Jennifer Wiseman, director of the AAAS Dialogue on Science, Ethics, and Religion, said that, “Many people look to their religious leaders for guidance on issues relating to science and technology. The Sciences for Seminaries project aims to equip religious leaders with a solid scientific foundation from which to address these questions.” The project is being carried out in consultation with the Association of Theological Schools.
“The need to bring science and religion into a constructive dialogue is both urgent and serious, especially for communities of faith,” said Kevin Jung, associate professor at the School of Divinity and grant project leader. “We are in a time when the compatibility of science and faith is called into question by some scientists and when some religious believers simply refuse to accept the validity of scientific facts or deny the moral and theological significance of these facts.”
Wake Forest University has long been a leading advocate for constructive dialogue between science and religion. William Louis Poteat, seventh president (1905-1927) of Wake Forest College and professor of biology, wrote a number of articles and books and delivered several speeches in which a persistent theme was that science and religion are reconcilable without compromise to the other.
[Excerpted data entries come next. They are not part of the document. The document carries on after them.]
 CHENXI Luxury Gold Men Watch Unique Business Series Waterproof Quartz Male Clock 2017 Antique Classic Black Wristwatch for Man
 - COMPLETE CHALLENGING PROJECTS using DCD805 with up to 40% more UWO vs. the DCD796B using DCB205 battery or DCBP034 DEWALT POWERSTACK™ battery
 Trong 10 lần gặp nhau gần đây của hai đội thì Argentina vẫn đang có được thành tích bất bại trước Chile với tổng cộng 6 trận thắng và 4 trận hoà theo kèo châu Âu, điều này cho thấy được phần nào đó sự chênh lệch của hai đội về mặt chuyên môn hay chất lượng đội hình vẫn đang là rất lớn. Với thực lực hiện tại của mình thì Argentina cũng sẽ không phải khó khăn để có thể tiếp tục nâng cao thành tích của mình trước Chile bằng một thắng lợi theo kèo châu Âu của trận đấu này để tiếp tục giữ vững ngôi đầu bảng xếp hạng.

President Poteat was also one of forty scientists, clergy, and prominent educators who in May of 1923 signed a joint public statement holding that science and religion “represent a deep and vital function of the soul of man, and both are necessary for the life, the progress and the happiness of the human race” (“Deny Science Wars Against Religion,” New York Times, May 27, 1923).
“This grant is a wonderful opportunity for the School of Divinity to make the most of its location at a great university like Wake Forest,” said Gail R. O’Day, dean of the School of Divinity. “Our students will be even more creative and effective religious leaders because they will be informed and articulate about the scientific perspective and contributions to the issues of our day. And it is so fitting that through this grant we can carry on the deep commitments of President Poteat and the strong history of the University in this area.”
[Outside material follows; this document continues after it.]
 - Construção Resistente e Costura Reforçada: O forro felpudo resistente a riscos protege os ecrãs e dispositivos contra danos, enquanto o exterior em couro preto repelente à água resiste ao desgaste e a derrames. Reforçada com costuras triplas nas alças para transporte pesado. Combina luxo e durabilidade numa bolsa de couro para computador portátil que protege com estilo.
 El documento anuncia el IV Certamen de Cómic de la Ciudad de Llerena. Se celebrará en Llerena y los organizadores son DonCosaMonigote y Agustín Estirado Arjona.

This grant enhances two existing joint degree programs at the School of Divinity – in bioethics and sustainability – that work at the intersection of science and religion. These programs position the School of Divinity as a leader in educating students for our rapidly changing times.
For more information on the grant project, its requirements and the resources it will provide, review the American Association for the Advancement of Science’s press release.
|Links of Interest|
|Science for Seminaries Program|
|Washington Post Article|
About the American Association for the Advancement of Science
The American Association for the Advancement of Science (AAAS) is the world’s largest general scientific society. AAAS was founded in 1848 and includes 261 affiliated societies and academies of science, serving 10 million individuals. Science, one of its publications, has the largest paid circulation of any peer-reviewed general science journal in the world, with an estimated total readership of 1 million. The nonprofit AAAS (www.aaas.org) is open to all and fulfills its mission to “advance science and serve society” through initiatives in science policy, international programs, science education, public engagement, and more.
About Wake Forest University School of Divinity
The Wake Forest University School of Divinity is a growing, dynamic and ecumenical theological institution that prepares men and women to be religious leaders in a changing world. The School currently offers the Master of Divinity degree and several dual degrees in law, bioethics, counseling, education, and sustainability offered jointly with other schools of the University. Through imaginative courses and diverse programs of community engagement, students are equipped to be agents of justice, reconciliation, and compassion in Christian churches and other ministries.